AM: What is the ideal casting practice we should ascribe to, and what's the closest we can get at Michigan with our limits? What about professional theatres? GS: When I was working at Steppenwolf, a big concern was trying to cast this Vietnamese character who had to be fluent in the language. Now, finding a Vietnamese actor in Chicago was pretty difficult - but Steppenwolf has the resources to cast a race-appropriate actor and hire a coach to teach her the language and nuances. However, smaller theatres that wish to do a show of this nature find themselves down on their luck, but I don’t necessarily believe that means they shouldn’t try to do the play.

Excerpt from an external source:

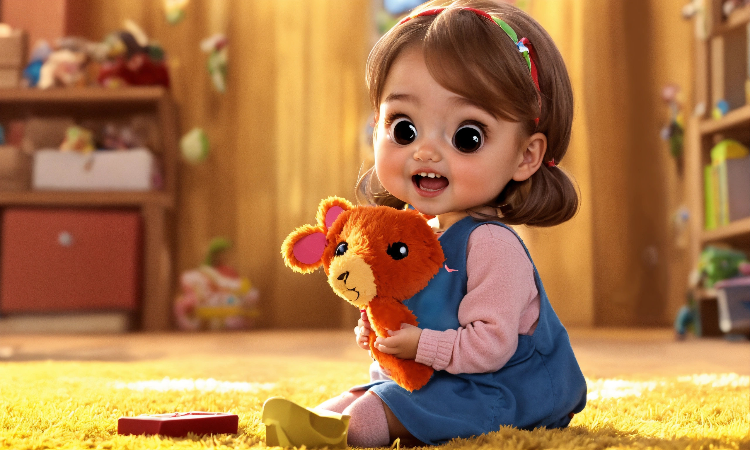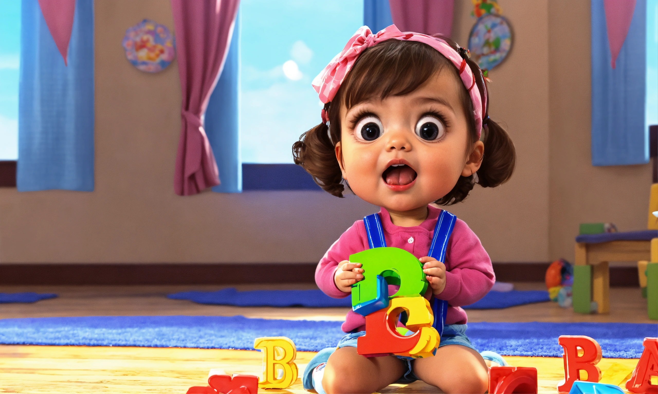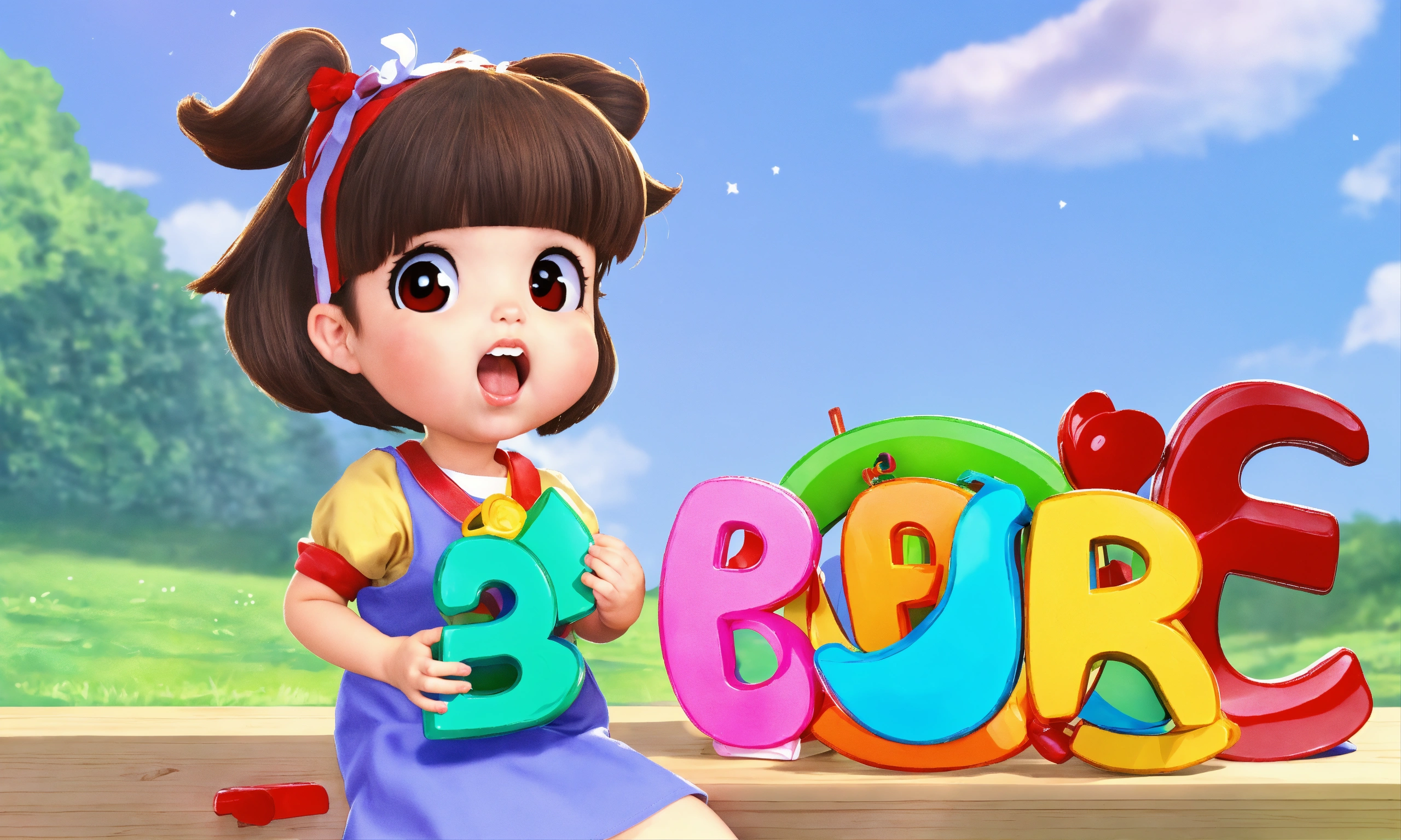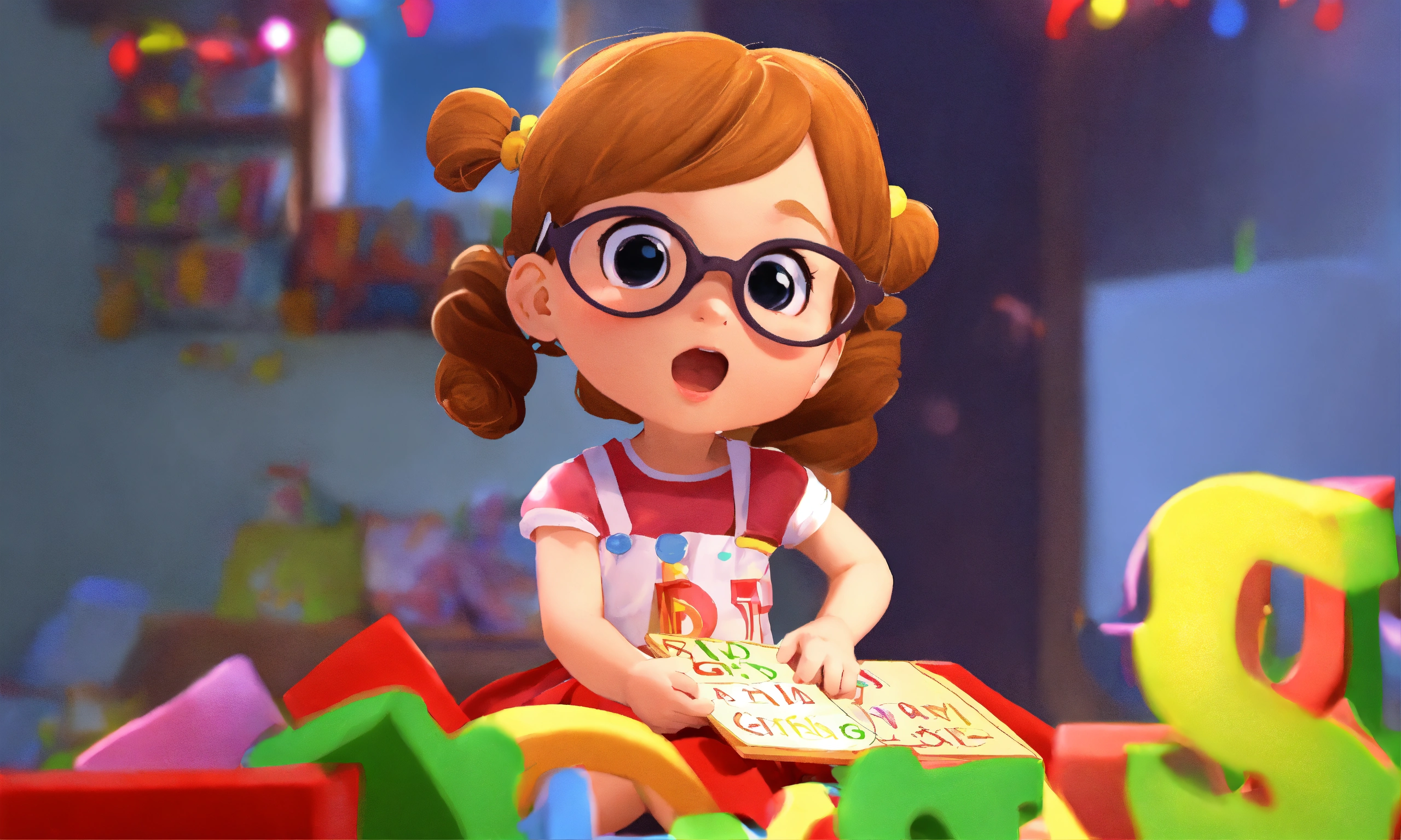 A cute little girl is singing while holding toy abc letters

If we look back at 2013’s Caroline or Change, we put a white woman in the role of the Moon and the Washing Machine - characters that were supposed to be black in order to reclaim ideas of the personification of beauty and domesticity. However, we didn’t have the adequate casting pool and we had to make due. I don’t think shelving Caroline would have been a good idea -- because at least most of the characters could be cast and still preserve the core themes and storyline. I’m glad it got done, it was a marvelous and important production. I still think about Caroline to this day.

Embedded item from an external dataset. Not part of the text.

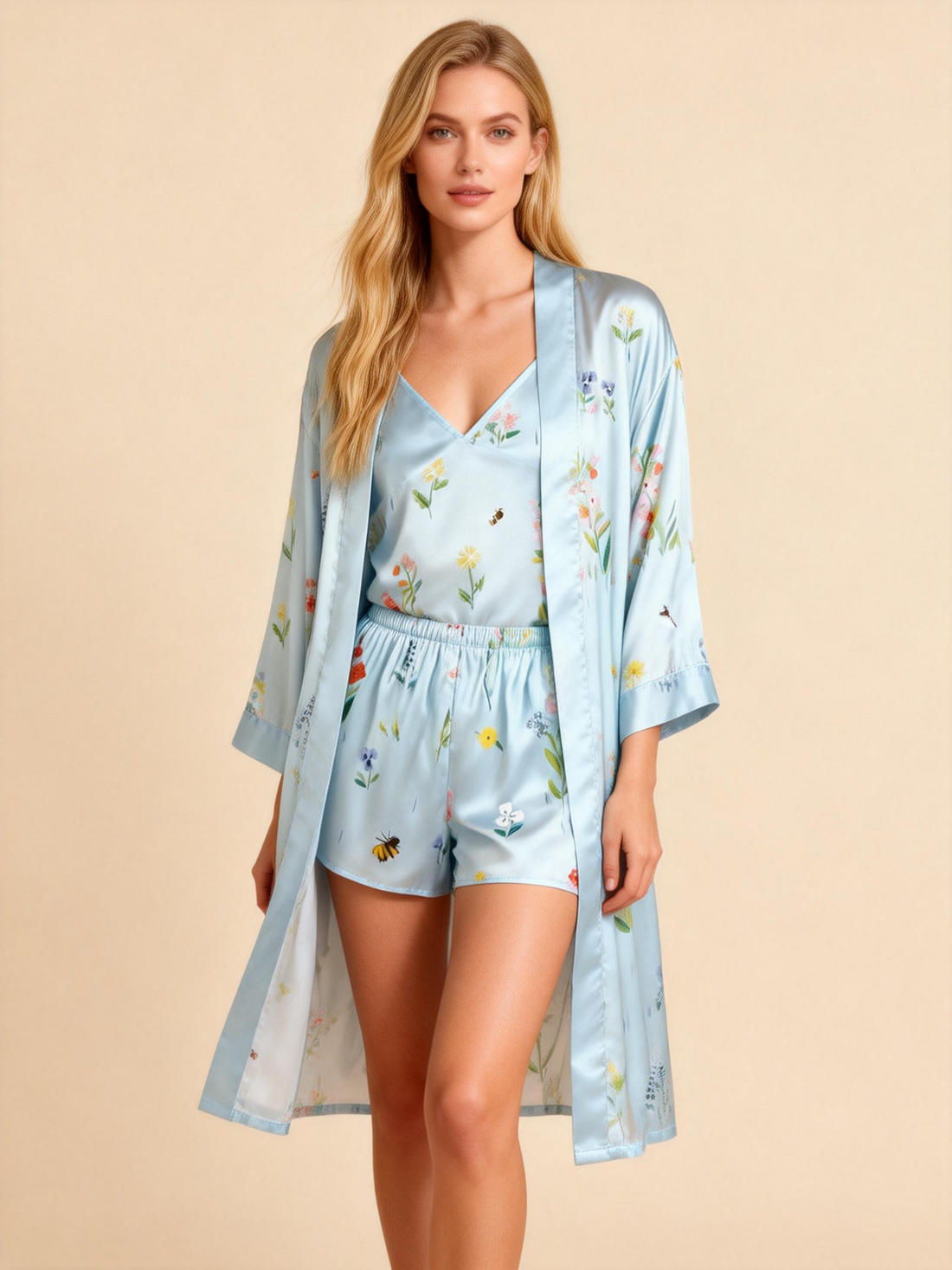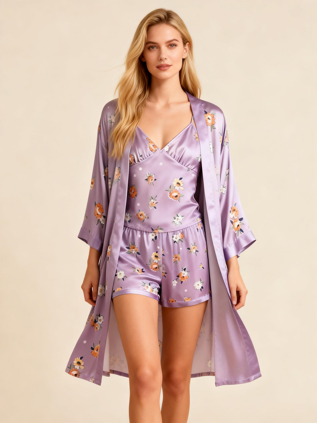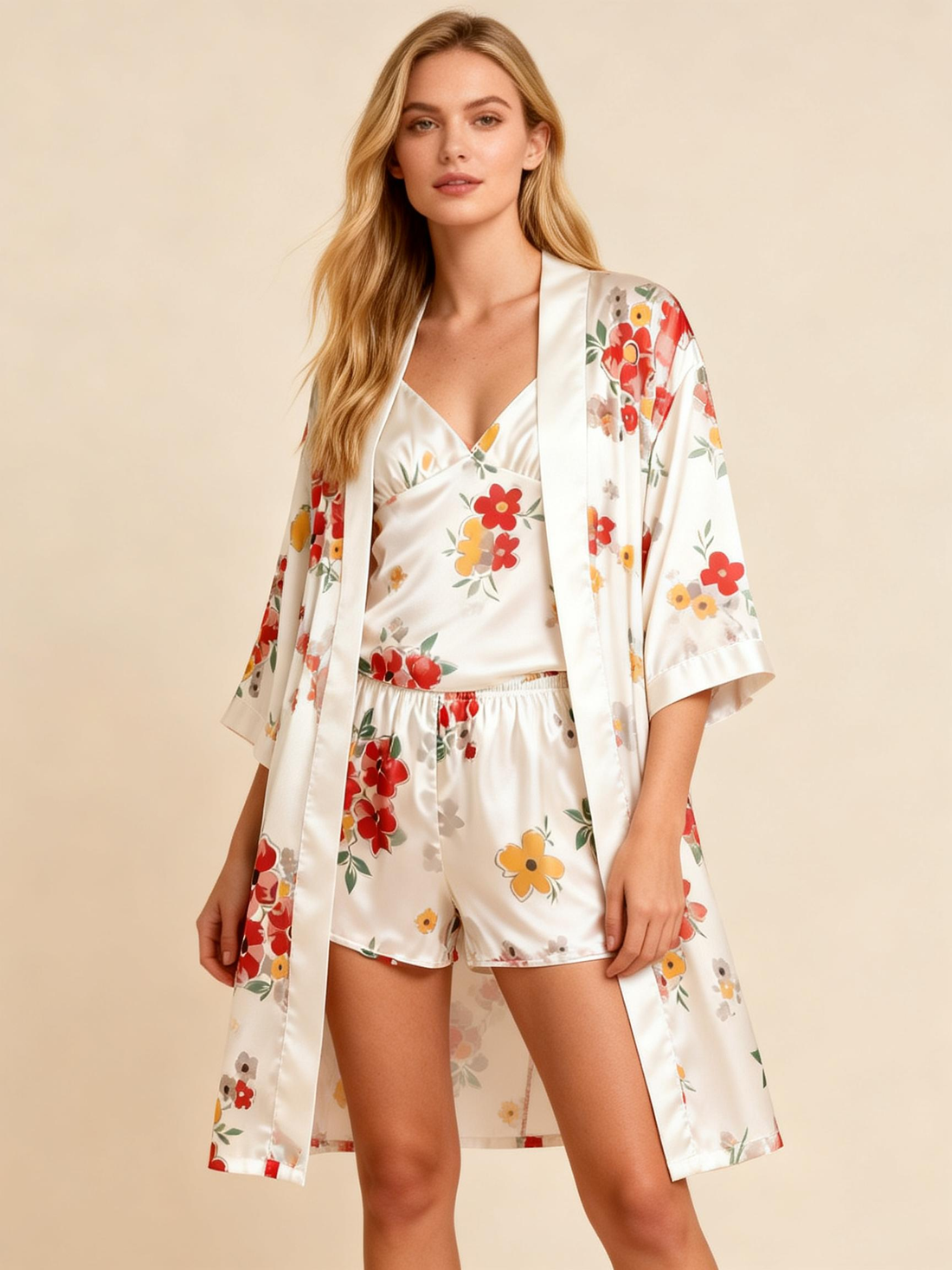 3-Piece Satin Pajama Set – Flower Print Robe, Camisole & Shorts

I think, however, if you’re a professional theatre doing something so rooted in identity, like In the Heights, then you absolutely need to use Latinx and other POC actors, because then it’s not about the look - it’s about the cultural identity.

In general, to cultivate more actors of color, more queer actors, just a larger diversity of actors, it needs to begin in the grassroots. Free theatre for children, producing more plays by artists of color, casting more actors of color in plays that have been normalized in whiteness. It’s a long process, but change is effective when it starts from the bottom up.